Solutions

1. Brute Force

class Solution:
    def findCelebrity(self, n: int) -> int:
        self.n = n
        for i in range(n):
            if self.is_celebrity(i):
                return i
        return -1
    
    def is_celebrity(self, i):
        for j in range(self.n):
            if i == j: continue # Don't ask if they know themselves.
            if knows(i, j) or not knows(j, i):
                return False
        return True

Time & Space Complexity

We don't know what time and space the knows(...) API uses. Because it's not our concern, we'll assume it's O(1) for the purpose of analysing our algorithm.

Time complexity: $O(n^2)$
Space complexity: $O(1)$

Where $n$ is the number of nodes in the graph.

2. Logical Deduction

class Solution:
    def findCelebrity(self, n: int) -> int:
        self.n = n
        celebrity_candidate = 0
        for i in range(1, n):
            if knows(celebrity_candidate, i):
                celebrity_candidate = i
        if self.is_celebrity(celebrity_candidate):
            return celebrity_candidate
        return -1

    def is_celebrity(self, i):
        for j in range(self.n):
            if i == j: continue
            if knows(i, j) or not knows(j, i):
                return False
        return True

Time & Space Complexity

We don't know what time and space the knows(...) API uses. Because it's not our concern, we'll assume it's O(1) for the purpose of analysing our algorithm.

Time complexity: $O(n)$
Space complexity: $O(1)$

Where $n$ is the number of nodes in the graph.

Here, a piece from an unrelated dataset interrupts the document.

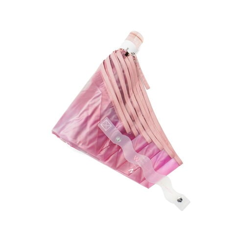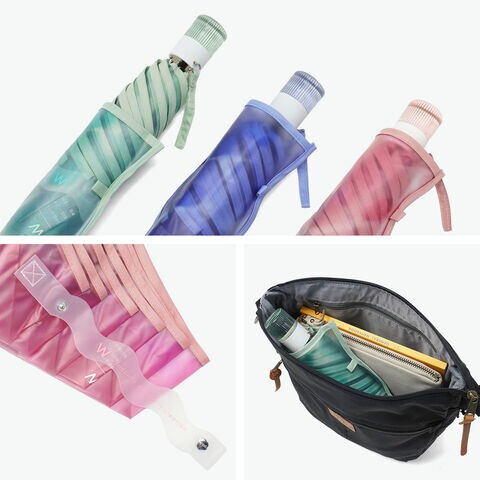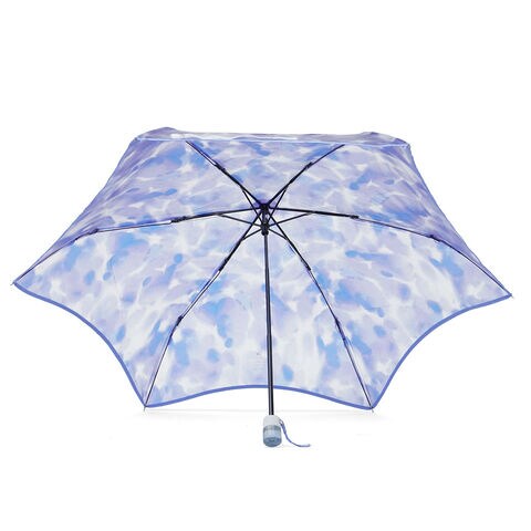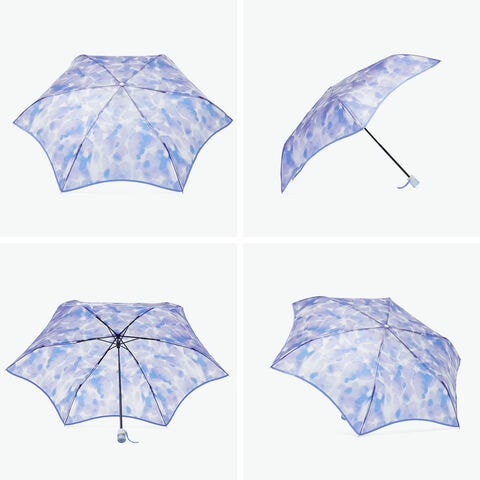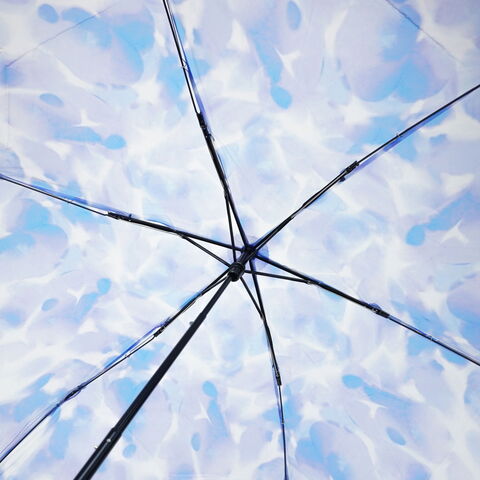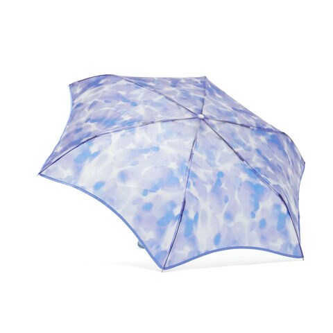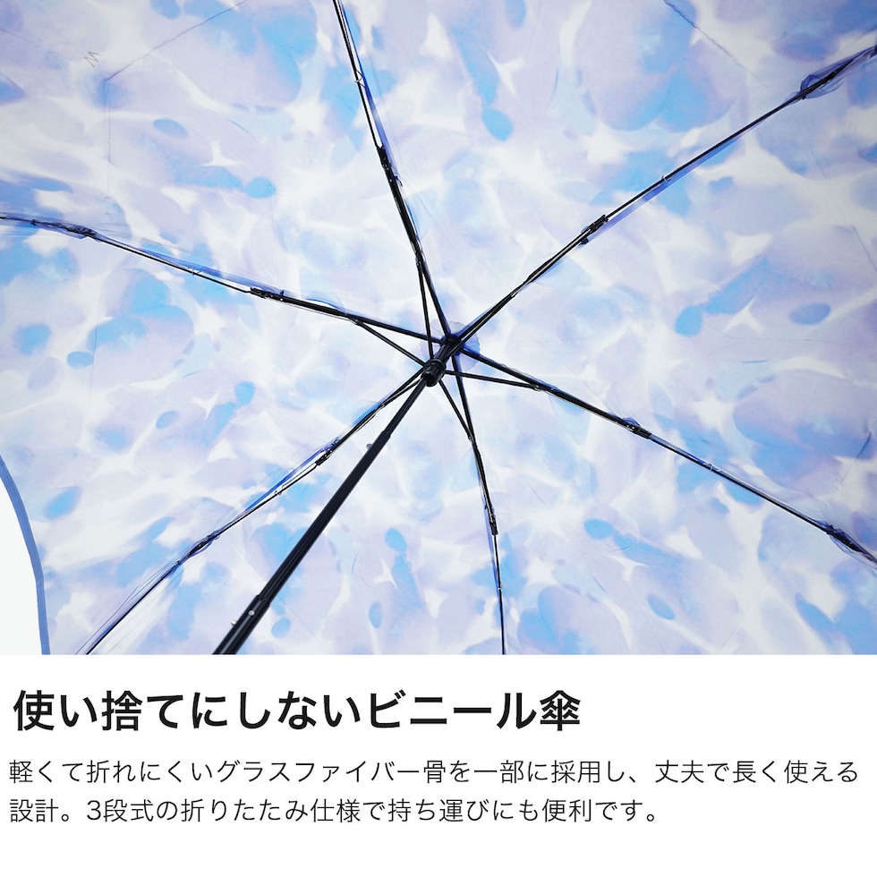 大人かわいい1本 揺らぐようなニュアンス柄の吹きガラスの花瓶をモチーフにした『Wpc.』の折りたたみ式ビニール傘。滲んだ水彩のようなモヤっとした柄と、お花を連想させるなみなみカットのリムが特徴的です。ギザギザとした持ち手は、ヴィンテージガラスをイメージしました。骨の一部には強度の高い素材を使用し耐風性にも優れていながら、軽量なつくりで持ちやすい仕上がりになっています。 |

3. Logical Deduction with Caching

from functools import lru_cache

class Solution:
    
    @lru_cache(maxsize=None)
    def cachedKnows(self, a, b):
        return knows(a, b)
    
    def findCelebrity(self, n: int) -> int:
        self.n = n
        celebrity_candidate = 0
        for i in range(1, n):
            if self.cachedKnows(celebrity_candidate, i):
                celebrity_candidate = i
        if self.is_celebrity(celebrity_candidate):
            return celebrity_candidate
        return -1

    def is_celebrity(self, i):
        for j in range(self.n):
            if i == j: continue
            if self.cachedKnows(i, j) or not self.cachedKnows(j, i):
                return False
        return True

Time & Space Complexity

We don't know what time and space the knows(...) API uses. Because it's not our concern, we'll assume it's O(1) for the purpose of analysing our algorithm.

Time complexity: $O(n)$
Space complexity: $O(n)$

Where $n$ is the number of nodes in the graph.